### WHAT THE EXERCISE ASKS
Skipping all pictures, set down the lines of the listing from the first through the one with "1ヶ月の間に、しっかり頚も持ち上げられるようになってました(^^)v".

### MATERIAL SHOWN

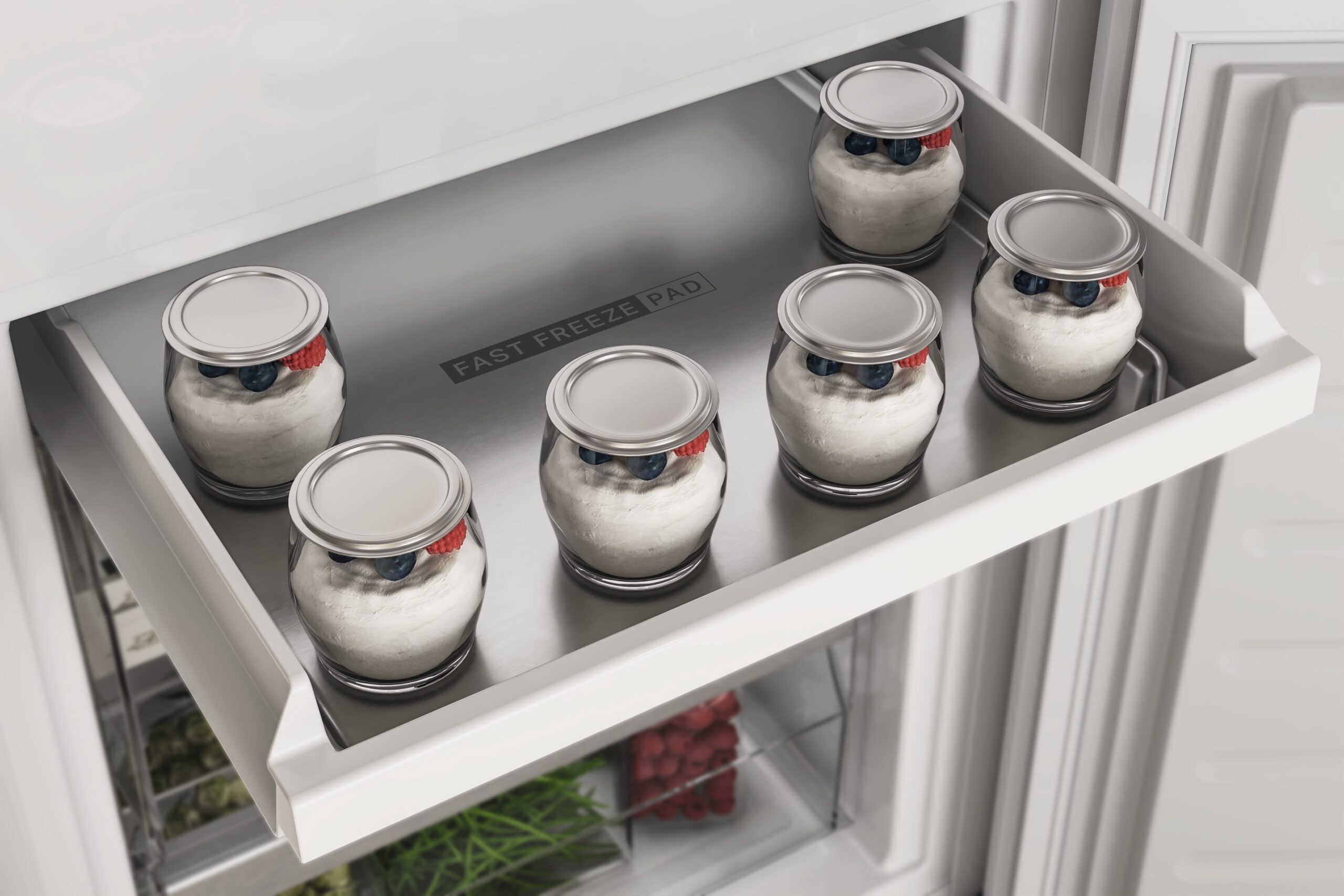 Fast Freeze alumiiniumist alus sügavkülmosas aitab värskelt hoiustatud toidu kiirelt maha jahutada, kuni 30% kiiremini kui tavalisel riiulil.
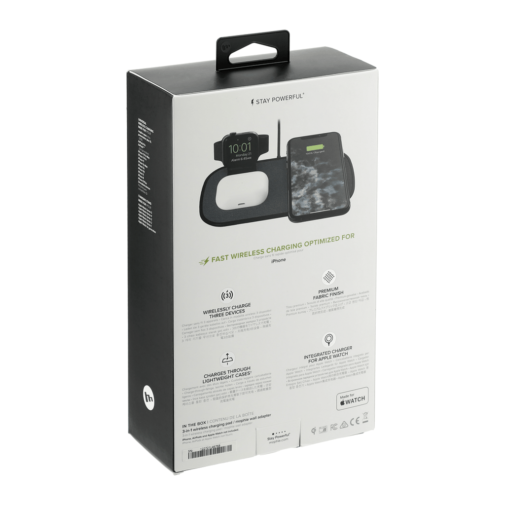 The mophie® 3-in-1 Fabric Wireless Charging Pad is designed with dedicated charging spots for smartphones, Apple Watches and Airpods/Airpod Pros. It delivers up to 7.5W of power to iPhones or other enabled devices. The built-in Apple Watch charger holds the watch magnetically in place while charging. It works with most plastic phone/airpods cases on. A wall adapter and 9-inch charging cable are included. Packaged in a premium gift box. Qi-certified.
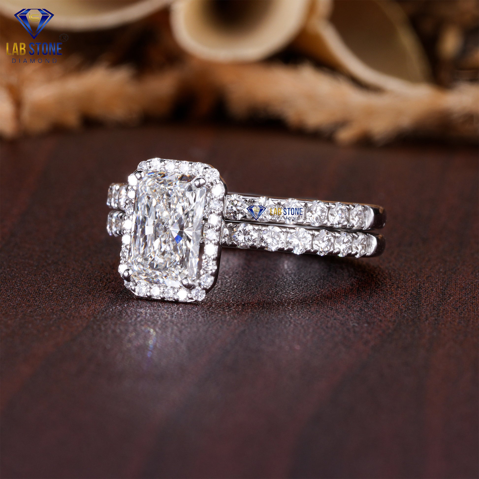 This stunning 2.44 total diamond weight ring set features a bright radiant cut diamond in the main ring, beautifully accented with round cut diamonds, and paired with a matching diamond band. Together, they create a full, sparkling look that shines from every angle. Perfect for engagements, weddings, or anniversaries, this set is crafted for both comfort and elegance, making it ideal for everyday wear and special moments. A beautiful choice for someone who loves classic style with lots of brilliant sparkle.
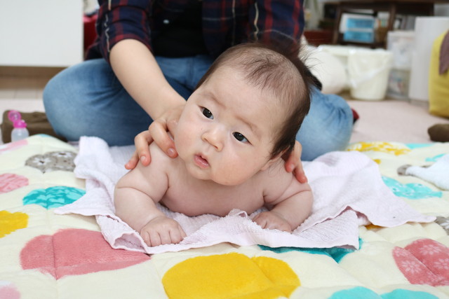 1ヶ月の間に、しっかり頚も持ち上げられるようになってました(^^)v
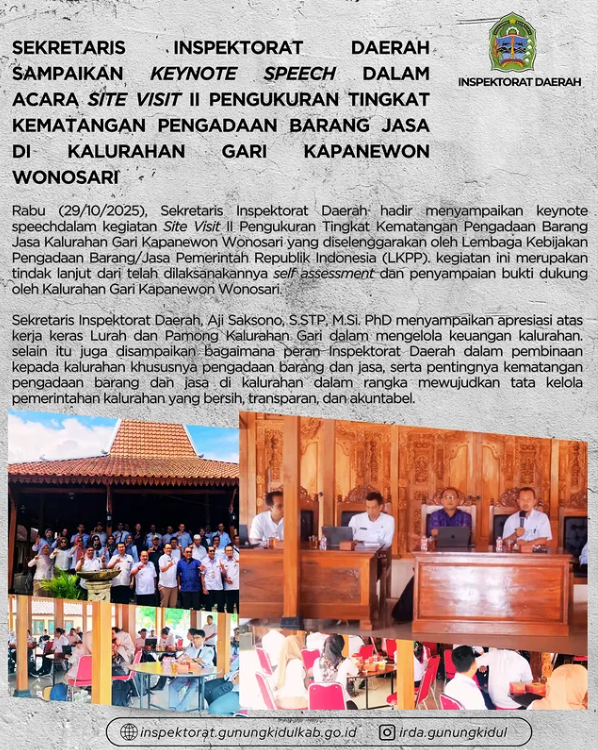 Wonosari, Rabu (29/10/2025) — Sekretaris Inspektorat Daerah Kabupaten Gunungkidul, Aji Saksono, S.STP., M.Si., Ph.D., hadir dan memberikan keynote speech dalam kegiatan Site Visit II Pengukuran Tingkat Kematangan Pengadaan Barang/Jasa Kalurahan Gari, Kapanewon Wonosari, yang diselenggarakan oleh Lembaga Kebijakan Pengadaan Barang/Jasa Pemerintah Republik Indonesia (LKPP). Kegiatan ini merupakan tindak lanjut dari pelaksanaan self-assessment dan penyampaian bukti […]
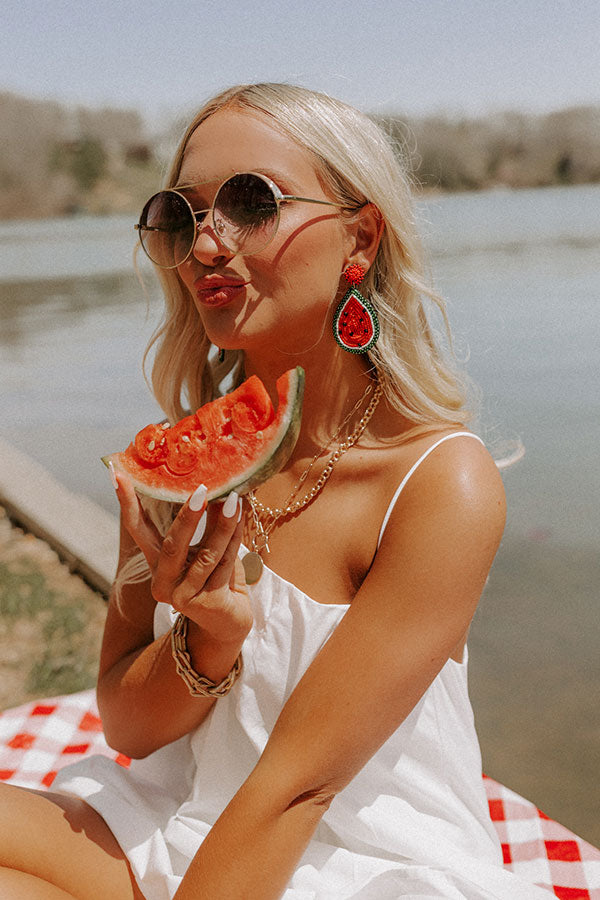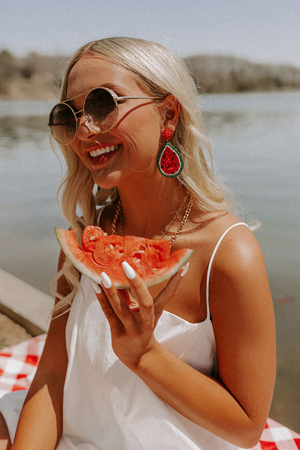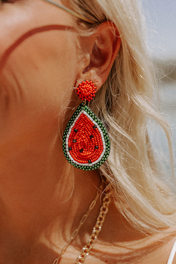 Add a sweet finish to your look with our darling 'Watermelon Margs' earrings featuring beaded red circle studs and a dangling beaded watermelon print teardrop pendant!

### SOLUTION
 Fast Freeze alumiiniumist alus sügavkülmosas aitab värskelt hoiustatud toidu kiirelt maha jahutada, kuni 30% kiiremini kui tavalisel riiulil.
 The mophie® 3-in-1 Fabric Wireless Charging Pad is designed with dedicated charging spots for smartphones, Apple Watches and Airpods/Airpod Pros. It delivers up to 7.5W of power to iPhones or other enabled devices. The built-in Apple Watch charger holds the watch magnetically in place while charging. It works with most plastic phone/airpods cases on. A wall adapter and 9-inch charging cable are included. Packaged in a premium gift box. Qi-certified.
 This stunning 2.44 total diamond weight ring set features a bright radiant cut diamond in the main ring, beautifully accented with round cut diamonds, and paired with a matching diamond band. Together, they create a full, sparkling look that shines from every angle. Perfect for engagements, weddings, or anniversaries, this set is crafted for both comfort and elegance, making it ideal for everyday wear and special moments. A beautiful choice for someone who loves classic style with lots of brilliant sparkle.
 1ヶ月の間に、しっかり頚も持ち上げられるようになってました(^^)v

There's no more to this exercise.